_Description of the task_. Below are the records; give again exactly the lines from the one containing "- 노바렉스 (20,650원" through the one containing "the desired altitude", leaving out pictures.

_Data for processing_.

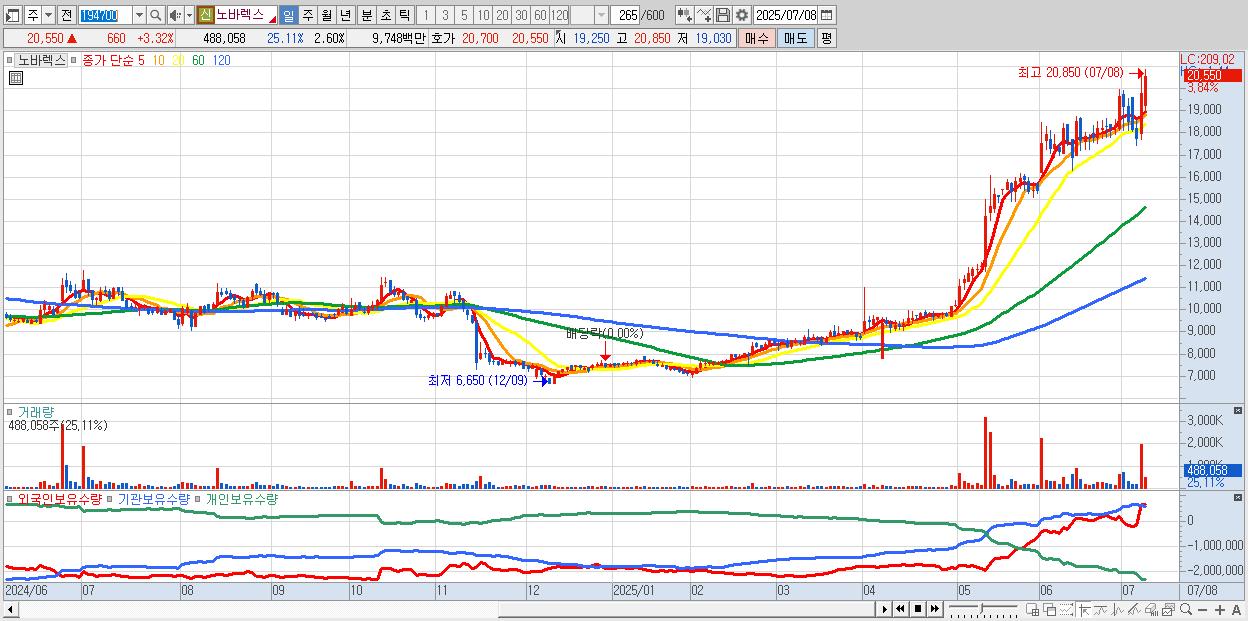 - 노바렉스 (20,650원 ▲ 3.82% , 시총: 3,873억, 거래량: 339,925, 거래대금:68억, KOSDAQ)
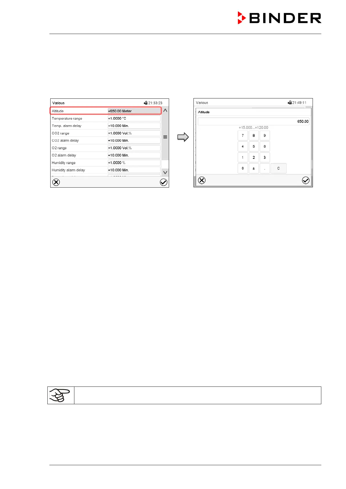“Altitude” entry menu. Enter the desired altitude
* * *
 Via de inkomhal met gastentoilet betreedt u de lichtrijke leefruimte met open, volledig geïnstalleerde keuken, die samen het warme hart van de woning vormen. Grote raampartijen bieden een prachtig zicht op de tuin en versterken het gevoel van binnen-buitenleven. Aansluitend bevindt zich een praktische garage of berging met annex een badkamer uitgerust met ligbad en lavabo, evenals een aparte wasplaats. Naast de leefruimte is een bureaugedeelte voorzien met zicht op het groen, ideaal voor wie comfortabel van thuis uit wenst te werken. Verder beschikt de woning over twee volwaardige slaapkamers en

_Exercise solution_.
 - 노바렉스 (20,650원 ▲ 3.82% , 시총: 3,873억, 거래량: 339,925, 거래대금:68억, KOSDAQ)
“Altitude” entry menu. Enter the desired altitude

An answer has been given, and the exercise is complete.